Each parabola (quadratic) is easily calculated using Babbage differences. Based on the factorisation of pⁿ, in this case 2ⁿ, each parabola starts at (2^n-i,2ⁱ), reaches its peak values in between (2^n-1+1,2^n-1) and (2^n-1,2^n-1+1), and on to (2ⁱ,2^n-i) and (0, (2ⁿ+2^n-i).

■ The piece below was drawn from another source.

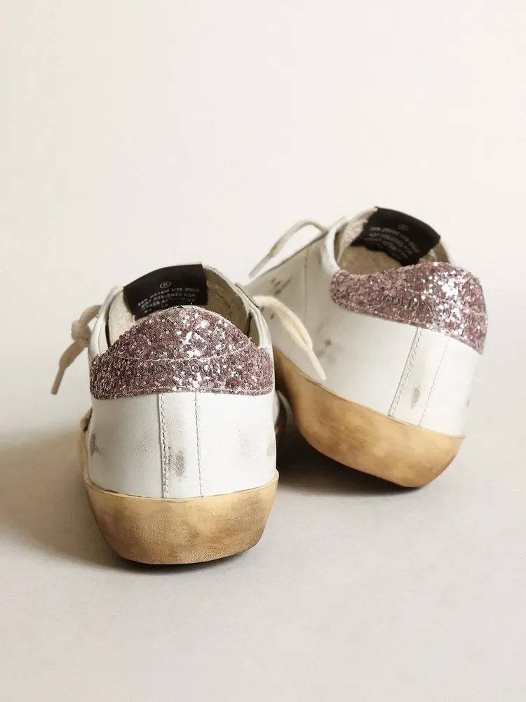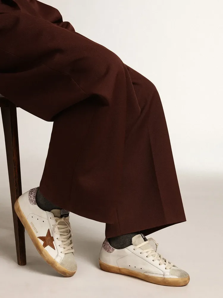 A timeless icon yet one that’s constantly evolving. At Golden, we love taking our classics and reworking them all the time, always from a new angle. This model with a white leather upper features a tan leather star and a pink glitter heel tab. The ice-gray suede tongue and cream laces add the finishing touch.

Indeed, the extension (by one step in both directions, to the 0th row and 0th colummn) of each of the lines can be noted:

- (2,0) (1,32) (0,64)
- (3,0) (2,16) (1,32) (0,48)
- (5,0 (4,8) (3,16) (2,24) (1,32) (0,40)
- (9,0) (8,4) (7,8) (6,12) (5,16) (4,20) (3,24) (2,28) (1,32) (0,36)
- (17,0) (16,2) (16,2) (15,4) (14,6) (13,8) (12,10) (11,12) (10,14) (9,16)
     (8,18) (7,20) (6,22) (5,24) (4,26) (3,28) (2,30) (1,32) (0,34)
- (33,0) (32,1) (31,2) (30,3) (29,4) (28,5) (27,6) (26,7) (25,8)
     (24,9) (23,10) (22,11) (21,12) (20,13) (19,14) (18,15) (17,16)
     (16,17) (15,18) (14,19) (13,20) (12,21) (11,22) (10,23) (9,24)
     (8,25) (7,26) (6,27) (5,28) (4,29) (3,30) (2,31) (1,32) (0,33)

To be tied in with HCF, unexpected alignments in factors, or in the expansion of the sieve of Eratosthenes, rational fractions, notes of the diatonic music scale, Lissajou figures, unexpected resonnance.

If these were to be considered the fall-lines, they must pass contours that are perpendicular to them, namely with gradients of m, 1/n, n, and 1/m, respectively. But then, returning to the analogy with Bragg-type analysis, the X-rays are not constrainted to falling perpendicularly on each layer of the crystal.

It is not clear, at present, whether any of this is leading anywhere useful, but at least it has been enjoyable dabbling just for the fun of it, to see where it might lead (to be continued).

Philosophical analogy

The Difference Engine hints at a possible philosophical analogy. If an error occurs in a calculation, either due to mechanical failure, or an inherent rounding error, it manifests as an apparent divergent wave of errors in all of the differences columns, all the way out to the D_∞ column, and building up not just into future rows of the calculation, but also seemingly retrospectively into past rows.

Glitches in the desceptively smooth process, like finding unexpected harmonics with Lissajou figures.

With the Mersenne primes, occasional non-prime values are thrown up, phase-locked loop or Lissajou-like resonnance, that occurs for r=11. Chaotic patterns in the vicinity of prime numbers posing threats to the Mersenne numbers being prime.